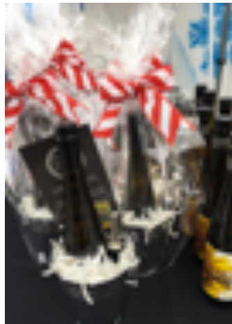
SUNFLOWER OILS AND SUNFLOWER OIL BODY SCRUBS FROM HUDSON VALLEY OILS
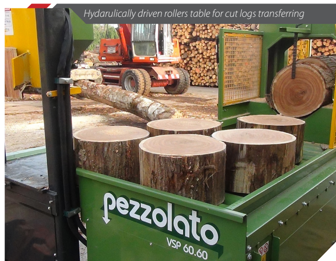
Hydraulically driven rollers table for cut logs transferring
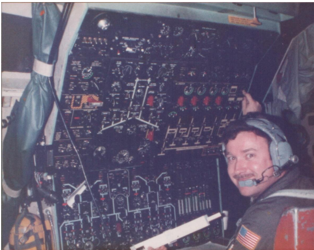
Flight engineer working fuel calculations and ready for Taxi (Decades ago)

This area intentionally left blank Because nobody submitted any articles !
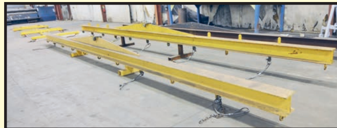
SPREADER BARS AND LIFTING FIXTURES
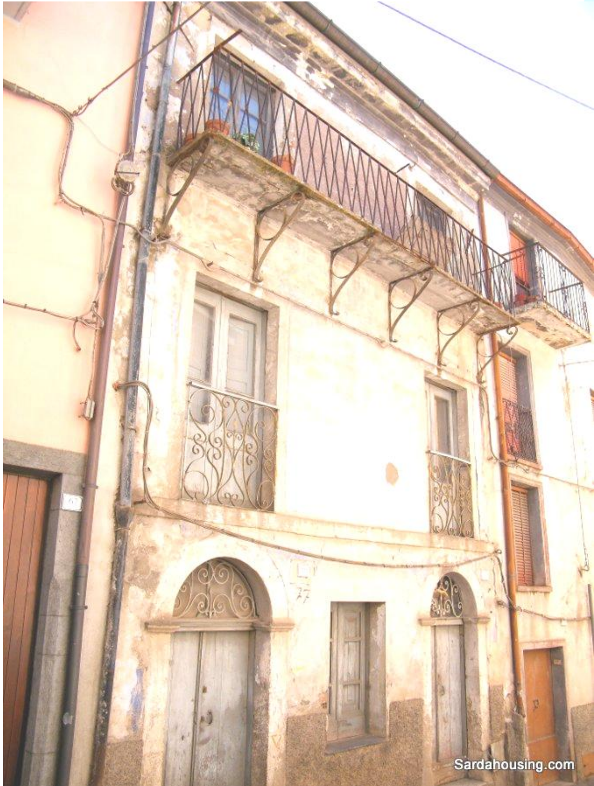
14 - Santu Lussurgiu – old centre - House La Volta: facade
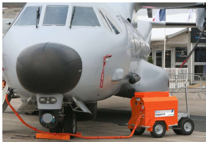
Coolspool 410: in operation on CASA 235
* * *
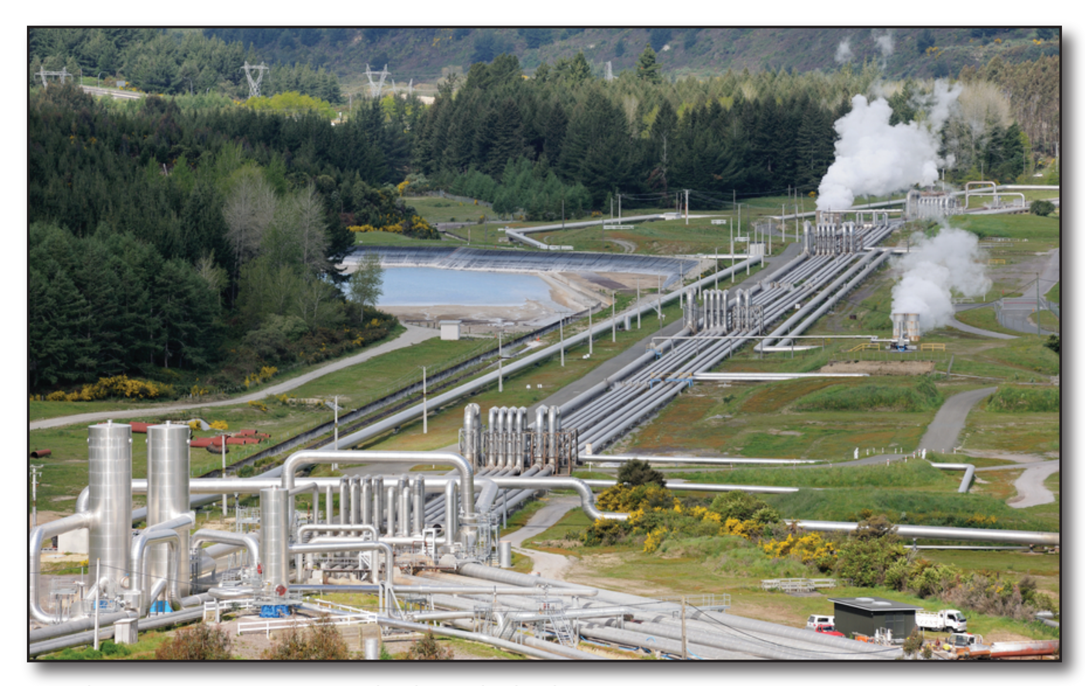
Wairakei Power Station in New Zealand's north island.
...
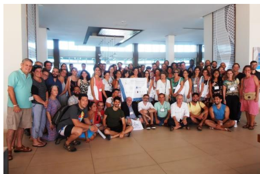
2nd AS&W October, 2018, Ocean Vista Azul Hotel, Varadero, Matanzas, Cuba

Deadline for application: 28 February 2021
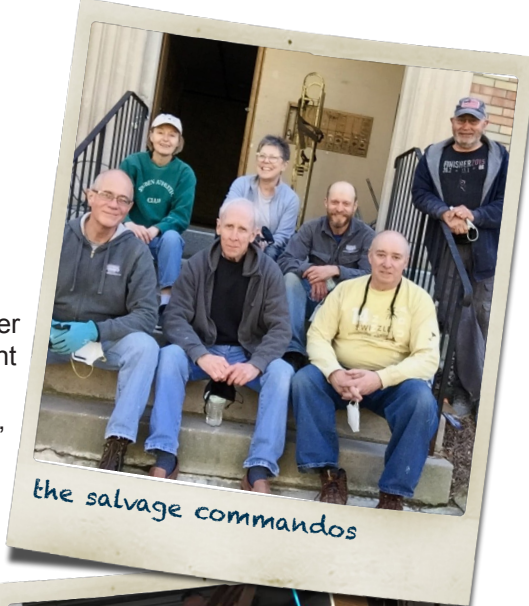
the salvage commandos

## [EXERCISE REQUIREMENTS]
In the listing above, find the line with "SPREADER BARS AND LIFTING FIXTURES" and the line with "Coolspool 410: in operation on CASA 235". Transcribe those two and everything between, exactly, leaving out pictures.

## [RESULT OF THIS EXERCISE]
SPREADER BARS AND LIFTING FIXTURES
14 - Santu Lussurgiu – old centre - House La Volta: facade
Coolspool 410: in operation on CASA 235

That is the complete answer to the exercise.